Re: common utilities in CL Raymond Toy
- Re: common utilities in CL Gareth McCaughan
Re: common utilities in CL Kelly Murray
Re: common utilities in CL ············@mediaone.net
Re: common utilities in CL Gareth McCaughan

From: Raymond Toy
Subject: Re: common utilities in CL
Date: Tue, 22 Dec 1998 00:00:00 +0000
Message-ID: <4n90g0qbwj.fsf@rtp.ericsson.se>

>>>>> "Gareth" == Gareth McCaughan <·····@dpmms.cam.ac.uk> writes:

    Gareth> Sam Steingold wrote:
    >> Someone mentioned that we need to re-implement everything in CL.
    >> Among the necessary utilities `patch' and `diff' were mentioned.
    >> The following toy code works fine with lisp code, i.e.,
    >> (equalp x (patch y (diff y x))) ==> T
    Gareth> ...
    >> comments welcome.

    Gareth> Hmm. This isn't, of course, much like "diff". I've hacked together
    Gareth> something that behaves much more like "diff" (it finds a maximal
    Gareth> common subtree and records, in effect, the differences between each
    Gareth> argument tree and this subtree); the downside is that, unlike Sam's
    Gareth> code, it's terribly inefficient (it uses, in most cases, both space
    Gareth> and time on the order of MN where M,N are the sizes of the trees
    Gareth> being compared). I can't see a simple way to apply the same technique

In the CMU Lisp archives, you can find three "diff" programs:

lang/lisp/code/tools/src_cmp:

ilisp, mkant, and watt

I have not tried any of these.

Ray

From: Gareth McCaughan
Subject: Re: common utilities in CL
Date: Tue, 22 Dec 1998 00:00:00 +0000
Message-ID: <86g1a7eshz.fsf@g.pet.cam.ac.uk>

Raymond Toy wrote:

> In the CMU Lisp archives, you can find three "diff" programs:
> 
> lang/lisp/code/tools/src_cmp:
> 
> ilisp, mkant, and watt
> 
> I have not tried any of these.

"ilisp" is in Interlisp, and according to the docs it is "very
much dependent on Interlisp", and "in its current form, it
really isn't usable". I've only looked at it very briefly,
but it doesn't look to me as if it's doing quite what we're
discussing here.

"mkant" is line-by-line; it's basically a "diff" program written
in Lisp.

"watt" only looks at the top level of each s-expression. From
the comments at the start: "If what you *really* want is to
compare inside s-expressions, then you might need to call the
thing recursively in the test function. An ultimately general
minimal nested differential comparator is really hard to write:
I tried, and gave up after spending a week on it without managing
to decide what it should do, let alone how it should do it".

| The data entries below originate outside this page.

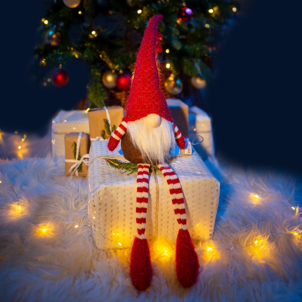 Karácsonyi manó / 6 LED / meleg fehér színárnyalat / Piros szín / 68 cm magasság / Alkalmas beltéri használatra / 2x CR2032 alkáli elemmel működtethető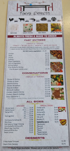 Tokyo Express has a good selection of sushi and hibachi fare. The atmosphere is quiet and clean. Great to get something to go or eat in.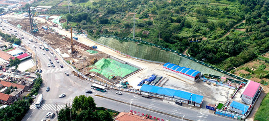 九水東路站主體基坑全長225米,標準段寬19.7米,基坑深約19-20米,為地下兩層島式車站。車站場地經(jīng)削山處理,基坑主要處于中風化、微風化凝灰?guī)r地層,巖層硬度較大,基坑總出渣量預計達10萬方。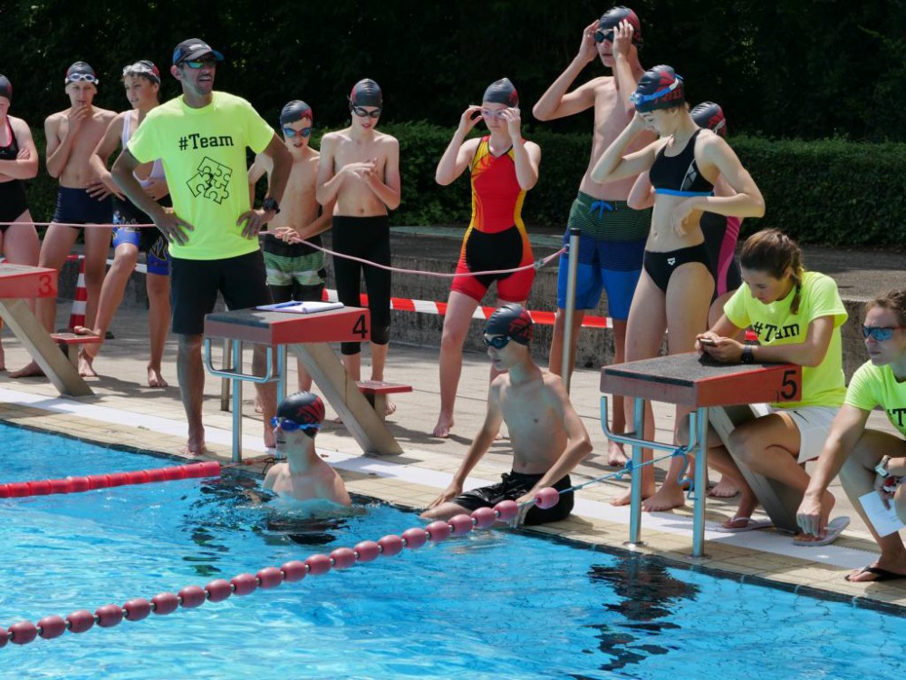 Zwar war die Stimmung bei den Schülerinnen und Schülern der Klasse 8d wegen der Müdigkeit noch etwas gehemmt, als sie sich frühmorgens gemeinsam mit der betreuenden Lehrerin Frau Börschig auf den Weg zum Triathlon in Karlsruhe machten, aber die Vorbereitungen liefen schon auf Hochtouren. So wurden Fahrräder verladen und erstmal hieß es der Weg ist das Ziel. Als die Schülerinnen und Schüler Karlsruhe dann endlich erreichten, war die Aufregung groß. Denn jetzt würden das, wofür vorher so oft trainiert wurde, auch in die Tat umgesetzt. Am Triathlon Gelände angekommen war zwar noch etwas Geduld gefordert, aber als es dann losging waren alle voll dabei. Während manche beim Schwimmen schneller waren, holten andere dafür beim Radfahren Zeit auf. Auf der Laufstrecke wurde dann nochmal alles gegeben und so schaffte es schließlich auch jeder ins Ziel. Danach wurde gefeiert- egal, ob schnell oder doch etwas langsamer, denn es heißt ja „dabei sein ist alles“. Aber es konnten auch große Erfolge erzielt werden. Während das Treppchen bei den Jungs komplett vom HFG besetzt wurde (1.Justus Kalt, 2.Luke Schwall und 3. Raul Steigerwald), gab es auch bei den Mädchen einen starken 3. Platz (Nadine Dichtl).

                               *

In view of that last comment, perhaps I should explain more
precisely what my code does; I thought it was sort of obvious,
but perhaps it's only obvious to people whose brains are identical
to mine.

What the original "diff" does is to identify a common subsequence
of two sequences of lines; it can then describe how to get from
one sequence to the other by saying, roughly: "delete all the stuff
in sequence 1 but not in the common subsequence, then add in all
the stuff in sequence 2 but not in the common subsequence". Ideally
you want the longest possible common subsequence, since that minimises
the amount you need to add and delete.

What my code does is to identify a common *subtree* of two trees,
and to proceed from there. I'd better say what I mean by "subtree".
I'll describe it in a more general setting than appears from the
code.

Consider a tree whose internal nodes are of sundry different kinds.
Two internal nodes of the same kind have the same number of children.
(The special case considered by the code I posted has only one kind
of internal node: the cons cell, with two children called "car" and
"cdr". If you wanted to use this for diffing, say, C programs then
you would want unary operators, binary operators, function applications,
|while| loops, etc all to be different kinds of nodes.)

Say that A is a subtree of B if one of the following holds. I'll
identify trees with their roots.

1. A is identical to B.
2. A is a subtree of one of B's children.
3. A and B have roots of the same kind, and each child of A is
   a subtree of the corresponding child of B.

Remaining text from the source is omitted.